_Dataset extract_
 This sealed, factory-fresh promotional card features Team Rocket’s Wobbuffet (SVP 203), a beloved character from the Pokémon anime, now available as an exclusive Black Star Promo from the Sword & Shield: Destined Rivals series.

==

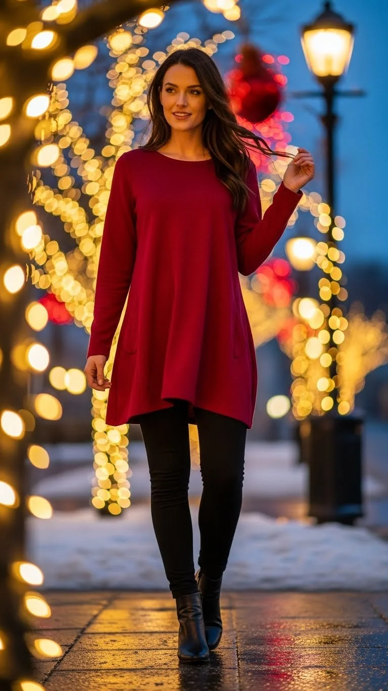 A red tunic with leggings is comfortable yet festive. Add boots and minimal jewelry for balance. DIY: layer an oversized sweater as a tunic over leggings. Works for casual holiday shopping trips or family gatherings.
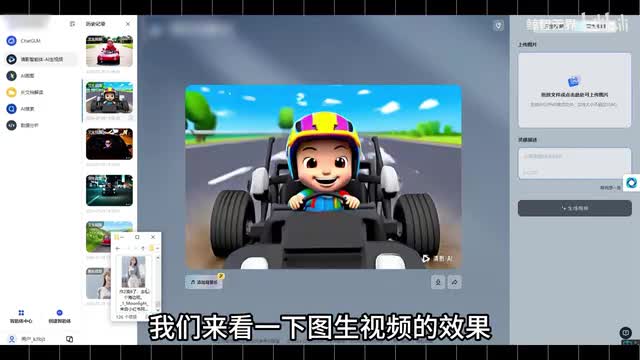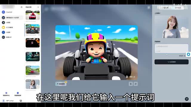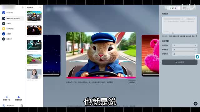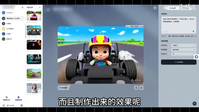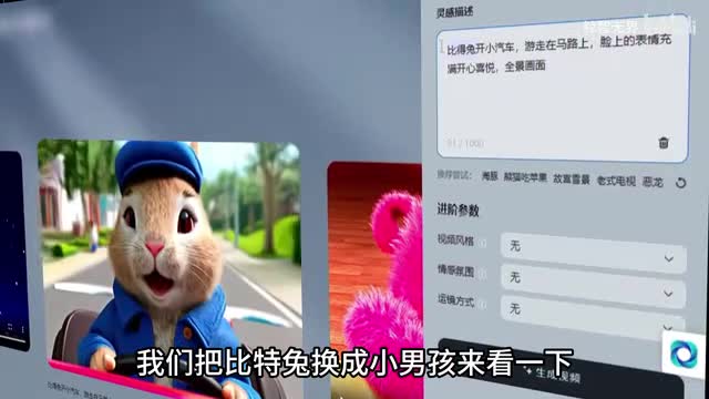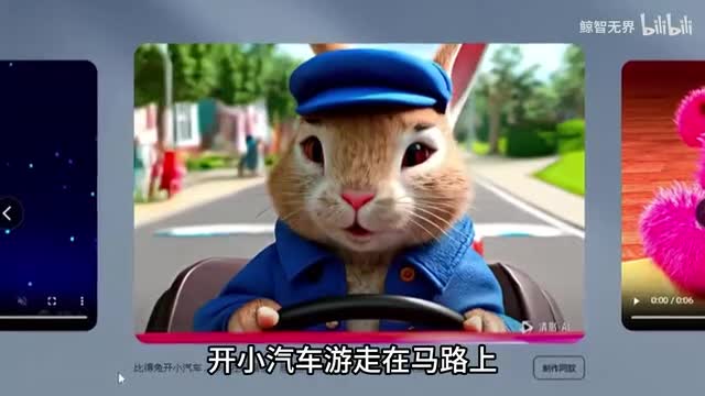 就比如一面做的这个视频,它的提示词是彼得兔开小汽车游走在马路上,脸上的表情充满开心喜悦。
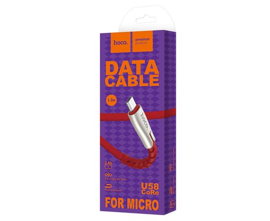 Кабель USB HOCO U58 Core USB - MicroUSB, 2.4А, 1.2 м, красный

_Task directions_
Give back exactly, and solely, the section of the data above bounded by the line containing "A red tunic" and the line containing "Кабель USB HOCO", both bounding lines included and pictures omitted.

_Response area_
 A red tunic with leggings is comfortable yet festive. Add boots and minimal jewelry for balance. DIY: layer an oversized sweater as a tunic over leggings. Works for casual holiday shopping trips or family gatherings.
 就比如一面做的这个视频,它的提示词是彼得兔开小汽车游走在马路上,脸上的表情充满开心喜悦。
 Кабель USB HOCO U58 Core USB - MicroUSB, 2.4А, 1.2 м, красный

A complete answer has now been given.